Marijn Haverbeke's blog (license)

Computing Indentation from Syntax Trees

Thursday, August 29, 2019 tooling codemirror

Most code editors have some concept of automatic indentation. For each language, they have some logic that can compute an appropriate indentation for a given line. They may immediately indent when you press Enter, or require some interaction to reindent a line or selection.

Even with the cleverest tools, there isn't always a single definite indentation for a given line. In a language like Python, whether a line should continue the current block or dedent to some parent block isn't obvious from the context. Inside multi-line strings or comments, an editor can only guess what the user is trying to do. But even there, having a guessed indentation that you may need to correct is usually more convenient than having to manually indent every line.

In the process of maintaining CodeMirror, I've written a lot of indentation logic for a lot of languages. Initially directly on top of the source string, by applying heuristic regexps to the ends of previous lines (which was as fragile as it sounds). Then from data left behind by the glorified tokenizers CodeMirror used for highlighting, which worked better, but required those tokenizers to do extra indentation-specific work.

CodeMirror (in version 6) is moving towards building real syntax trees for its content. A big part of the reason that many indenters are ugly hacks is that they usually don't have access to the information they need, at least not in a convenient format.

Syntax trees are that convenient format.

A Theory of Indentation

Most forms of indentation fall into two categories. They either indent relative to the indentation of some reference line, or they align to some specific position.

The first is the most common. If you have this code, the function arguments are indented relative to the start of the line where the argument list starts.

call(
  one,
  two)

Because (outside of Lisp) you tend to have different indentation styles for different constructs, it makes sense to associate them with syntax node types. In the example above, we'd be applying the indentation style for argument lists.

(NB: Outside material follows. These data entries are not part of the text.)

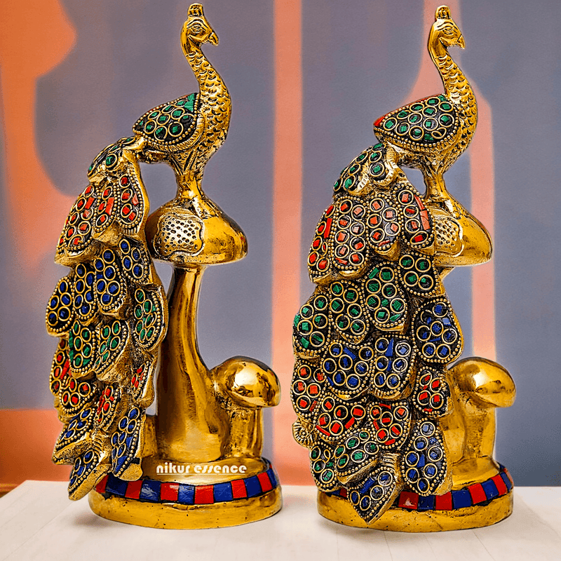 Buy brass 21.6 cm Peacock Statue with Glossy Finish - Elegant Handcrafted Sculpture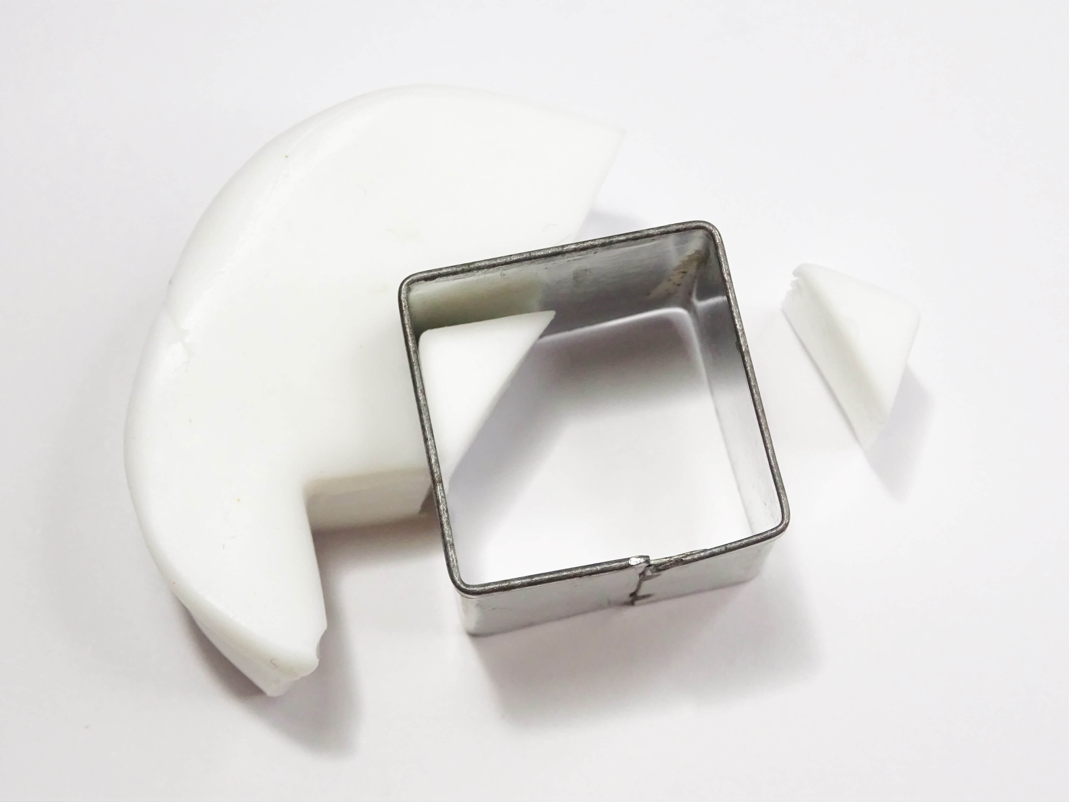 Use a damp tissue to add some moisture to the cutting shape and push the cutters down into the clay. Don’t press down all the way, lift the cutting shape back out, re-dampen the shape and the put the cutter back in and finish the cut. Carefully lift your you cutter shape and the cut clay should either be on the work surface or very easy to remove from the cutting shape.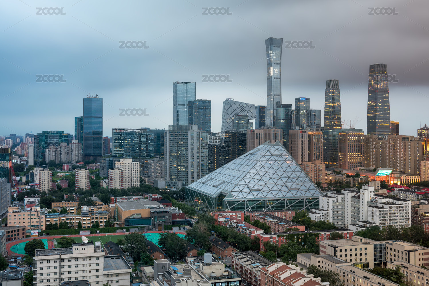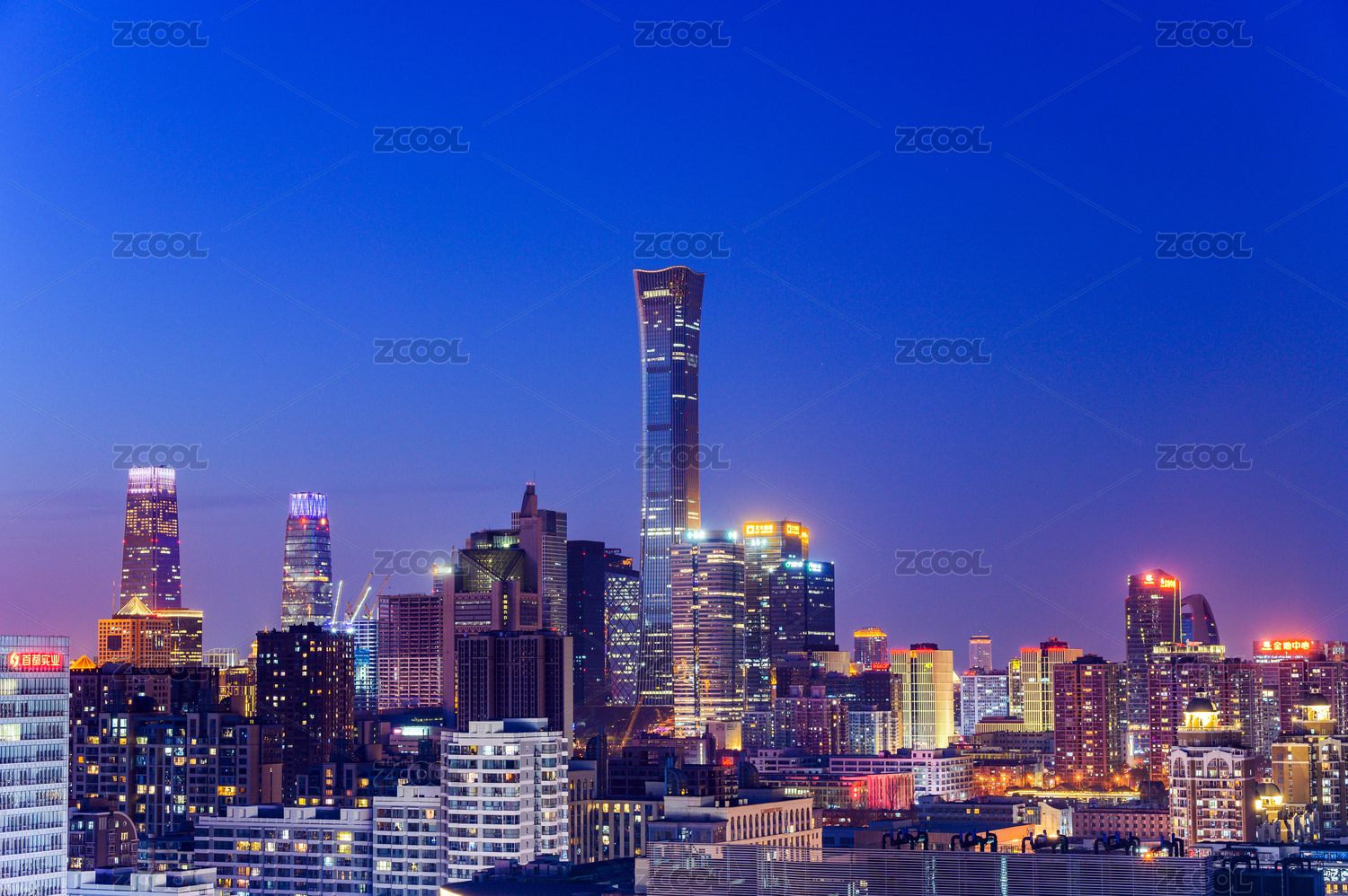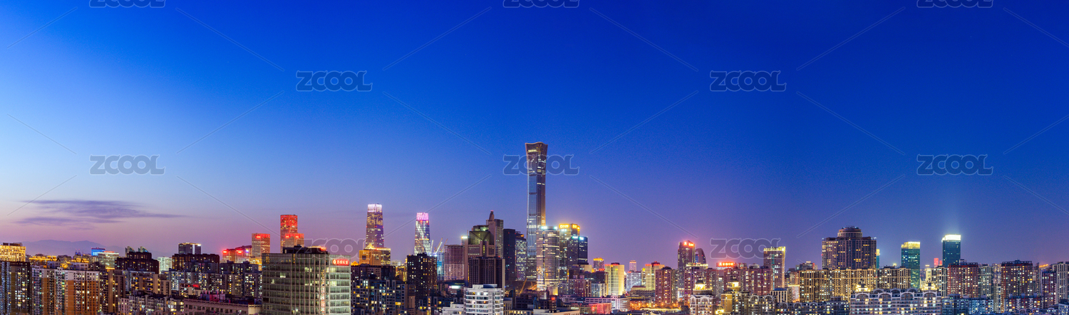 北京國(guó)貿(mào)CBD城市天際線日落夜景

To go from a line in a parsed document to an indentation, you first figure out the strategy that applies at this point, which you get from the innermost node that wraps the start of the line and has an indentation style associated with it.

if (x) {
  A
  B
}

That node may span multiple lines, for example in a block like the one above, when indenting the statements on lines 2 or 3, the wrapping node is the block node. That node's indentation style might say “indent one unit beyond my start line”. Because the block starts on line 1, with indentation 0, we indent the statements a single unit.

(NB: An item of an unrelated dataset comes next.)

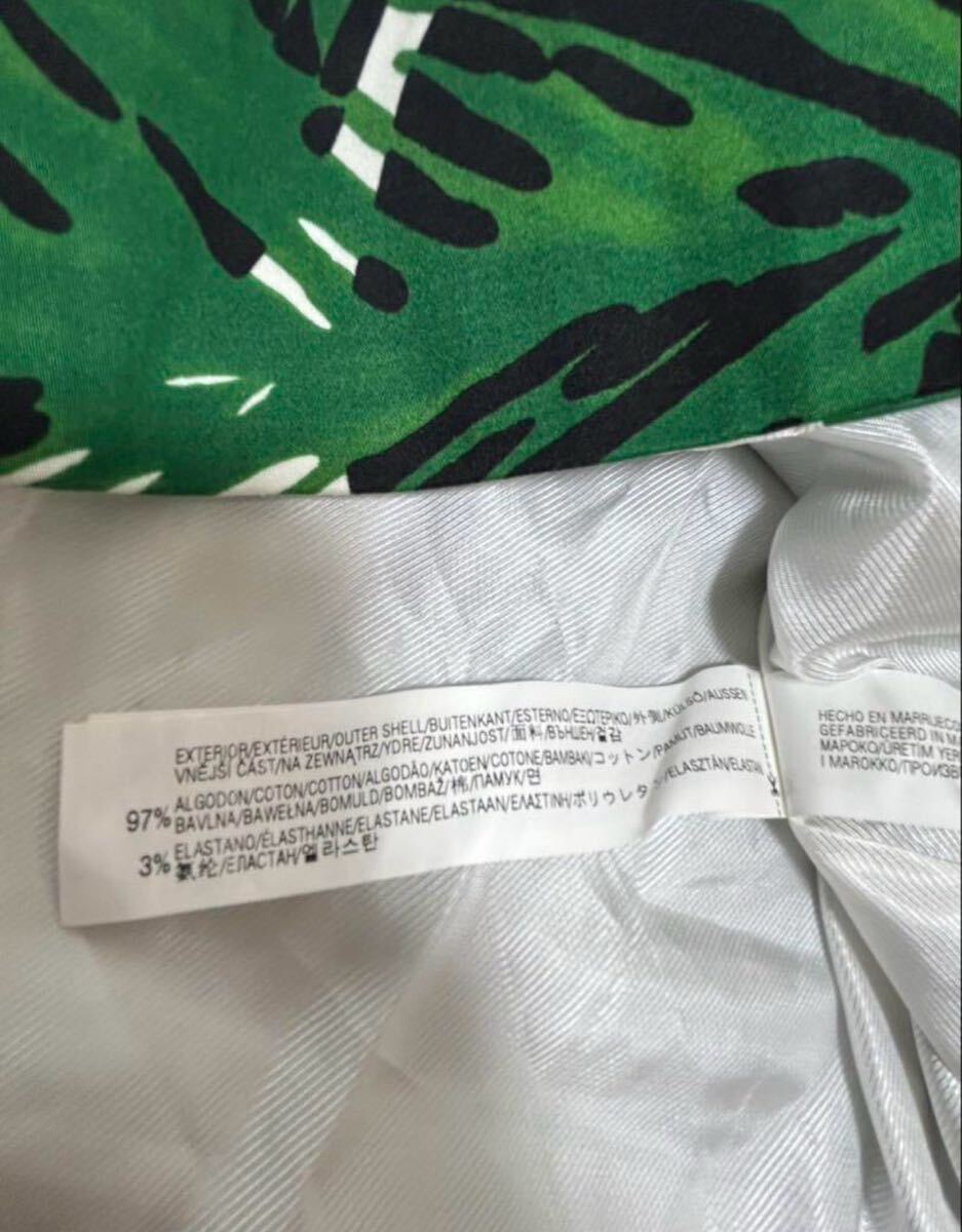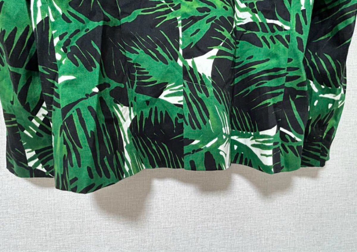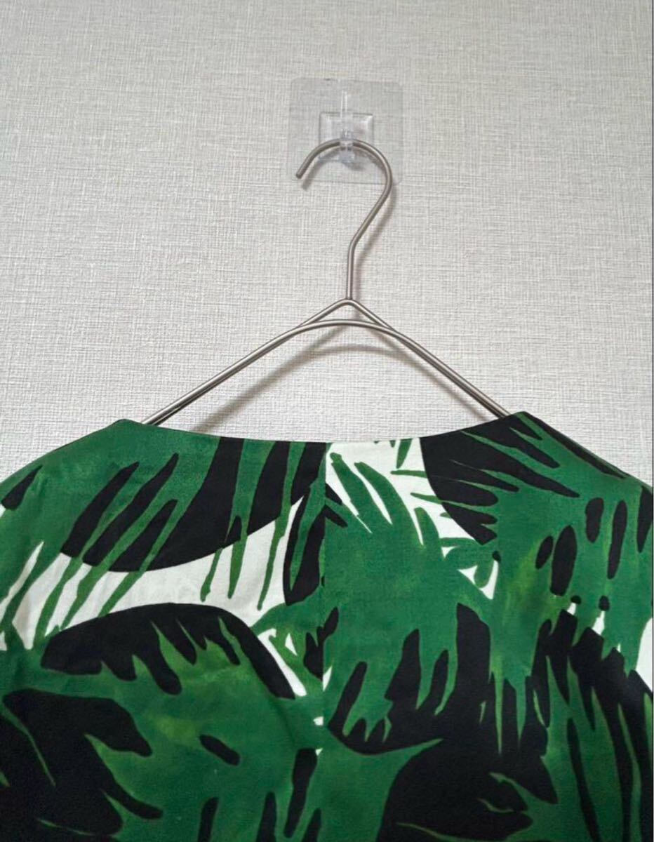 グリーンとブラックのボタニカル柄が特徴的なノーカラージャケット

The start of line 3 is also inside the block. But because the line closes the block, it should not add indentation. Many node types have some constructs that they shouldn't indent—a closing token is one, but the else token in an if statement, or a hanging { in a K&R-style function definition, are others.

When the content of a bracketed node starts immediately after the opening bracket, many styles align subsequent lines with the opening bracket.

call(one,
     two)

Here the indentation isn't relative to the construct's start line, but to a specific token.

Some constructs, such as multi-line strings or block comments, can indicate that they shouldn't be indented.


When I claimed that nodes compute indentation relative to the line on which they start, I was oversimplifying. If you have code like this:

function foo(a, b,
             c, d) {
  body()
}

The body block probably shouldn't be indented past the c. Yet it does start on line 2, which is indented 13 spaces.

When figuring out the reference line for a given node, you have to check whether that line starts inside another node (that is not a parent node of the target node), and if so, continue looking at the start of that node.

So in the example, we'd notice that line 2 starts inside a parameter list, which isn't a parent of the body block, and thus use line 1 as reference line.

Unfortunately, not all nodes should be skipped like this. For example, in this code the member expression foo.bar would match the description of a non-parent node covering the start of the line, if the syntax tree is structured like call_expr(member_expr(...), arg_list(...).

one.
  two(
    three)

But we do probably want to indent the argument list relative to line 2. So this requires us to either use heuristics (such as only skipping bracketed nodes) or some extra language-specific information telling us which nodes must be skipped.

Implementation

CodeMirror's new indenter requires language packages to attach indentation information to syntax tree node types. That way, even if the document contains multiple languages, it can figure out an indentation directly from the tree.

This information takes the form of a function that computes an indentation depth, given some contextual information like the syntax tree, the target node, the document, and the size of an indentation unit.

Being a function, it can be as complicated as it needs to be. There are helpers for defining functions that support common styles, such as bracketed nodes that align content to their opening bracket when that isn't the last token on the line.

Because content is often in a syntactically invalid state when indentation is requested, the indenter takes care to “enter” unfinished nodes in front of the cursor when determining the context for the indentation. For example, if you press enter after this unfinished if statement...

if (x < y &&

The syntax tree will look something like...

if_statement(
  paren_expr(
   binary_expr(binary_expr(...), incomplete),
   incomplete),
  incomplete)

Where incomplete means that the node was cut off by the parser's error-correction feature. The start of the next line is outside of all this, but because we know that the node before it was incomplete, we can indent as if we are in that node—so that puts us inside of binary_expr, which may not have an indentation style. But paren_expr probably does.